Вы торжественно провозглашаете, что нельзя изменять текст «Слова…» (с.80). Текст не изменяется и не «размывается» (кстати, такого понятия у Вас в «Текстологии» я не нашёл), он остаётся прежним текстом, навечно зафиксированным изданием 1800 года, а после фотографического воспроизведения в миллионах экземпляров во всём мире погибнуть может разве что с гибелью всей мировой цивилизации. Ведь у меня меняется не текст, а отношение к тому, что проступает за ним, как палимпсест, как древняя полусмытая рукопись, на которую нанесён новый текст, в данном случае текст 1185 года, местами совпадающий с буквами, словами и даже фразами прежнего.
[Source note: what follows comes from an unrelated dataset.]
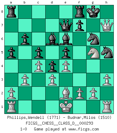 Last move : 1-0 2023 March 18 18:4:15 [Event "FICGS__CHESS__CLASS_D__000293"] [Site "FICGS"] [Date "2023.03.14"] [Round "1"] [White "Phillips,Wendell"] [Black "Budnar,Milos"] [Result "1-0"] [WhiteElo "1771"] [BlackElo "1510"] 1.d3 d5 2.Nd2 e5 3.e4 Nf6 4.Be2 c5 5.c3 Nc6 6.h3 a6 7.Qc2 d4 8.Nf1 h6 9.Ng3 Bd6 10.Bd2 O-O 11.Nf3 Ne7 12.c4 b6 13.Qc1 a5 14.b3 Be6 15.Bxh6 gxh6 16.Qxh6 Ng6 17.Ng5 Qe7 18.Nh5 Nxh5 19.Qh7+ 1-0 Follow this game move after move (download)I love all positions. Give me a difficult positional game, I will play it. But totally won positions, I cannot stand them. (Hein Donner) Fischer ist das größte Genie, das je vom Schachhimmel heruntergestiegen ist. (Mikhail Nekhemyevich Tal) El Ajedrez expande y enriquece tu mente. (Saudin Robovic) Les écrivains ont utilisé les échecs pour analyser les côtés extrêmes de la nature humaine. Dans ce cadre, les échecs offrent un champ d'expérimentation idéal. Mais on pourrait faire la même chose avec la peinture. Et là, en vous référant à Van Gogh, vous ne tirerez pas de conclusion définitive sur les peintres. (Gary Kasparov) It is not enough to be a good player... you must also play well. (Siegbert Tarrasch)
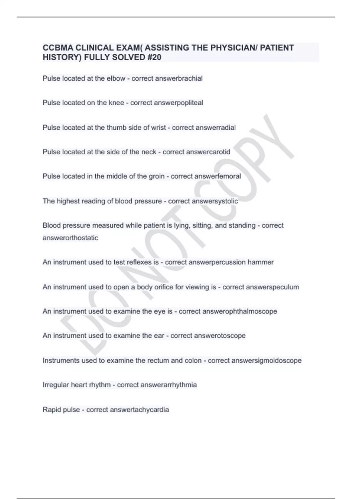 CCBMA CLINICAL EXAM( ASSISTING THE PHYSICIAN/ PATIENT HISTORY) FULLY SOLVED #20

Таким «палимпсестом» оказывается произведение Бояна, которое я пытаюсь прочесть, и в этом ничем не отличаюсь от других текстологов.

Ну, скажите, разве снятие рентгенограммы разрушает личность человека, умаляет его достоинство? У Вас же это почему-то вызывает раздражение и, вопреки фактам, Вы заявляете, что в моей повести текст «Слова…» «подвергается вивисекциям, ампутированию отдельных частей» (с.81). Но где Вы это обнаружили? Или, может быть, Вы спутали меня с Б.А. Рыбаковым, который решительно переставляет отдельные части «Слова…», собирая воедино все фрагменты, восходящие, по его мнению, к Бояну, и дополняет текст «Слова…» «Словом о погибели Русской земли»? Однако ко мне это никакого отношения не имеет. Зачем же так поступать?

Между тем Вы, Ваш сотрудник Л.А. Дмитриев, Ваши ученики Робинсон-Сазоновы, в своих статьях пытаетесь представить меня «исправителем» текста «Слова…», уличая меня в незнании грамматики древнерусского языка и т.п. Но где Вы найдёте у меня утверждение, что я вношу хотя бы одно исправление в текст «Слова о полку Игореве»? Собственно древнерусской поэмы я вообще не касаюсь. Повесть «Испытание „Словом…“» посвящена совсем иному — тому периоду русской истории и литературы, который предшествует времени создания поэмы и отделён от неё целым веком. Точнее — исключительно творчеству Бояна. Именно об этом я писал и в болгарском журнале «Обзор», на который Вы постоянно ссылаетесь. Зачем же вводить в заблуждение читателей?

А ведь сами Вы, редактируя так называемый «канонический» текст «Слова…» в 1-м выпуске «Словаря-справочника „Слова о полку Игореве“», состоящий из 2779 лексем, внесли в него по сравнению с изданием 1800 года, которому я стараюсь возможно точнее следовать, 690 «исправлений», по большей части никак не аргументированных, т.е. субъективных. Так кто же из нас относится к тексту более бережно: тот ли, кто пытается его комментировать и объяснять, выдвигая свой вариант прочтения в качестве лишь одного из многих, или тот, кто его действительно искажает, настаивая на верности только одного своего прочтения? Стоит напомнить, что неоднократно повторяемые Вами уверения в «произволе» правки текста первыми его издателями (т.е. опять А.И. Мусиным-Пушкиным и И.Н. Болтиным), оказались абсолютно несостоятельны после работы Л.П. Жуковской над списками «Пролога».[47]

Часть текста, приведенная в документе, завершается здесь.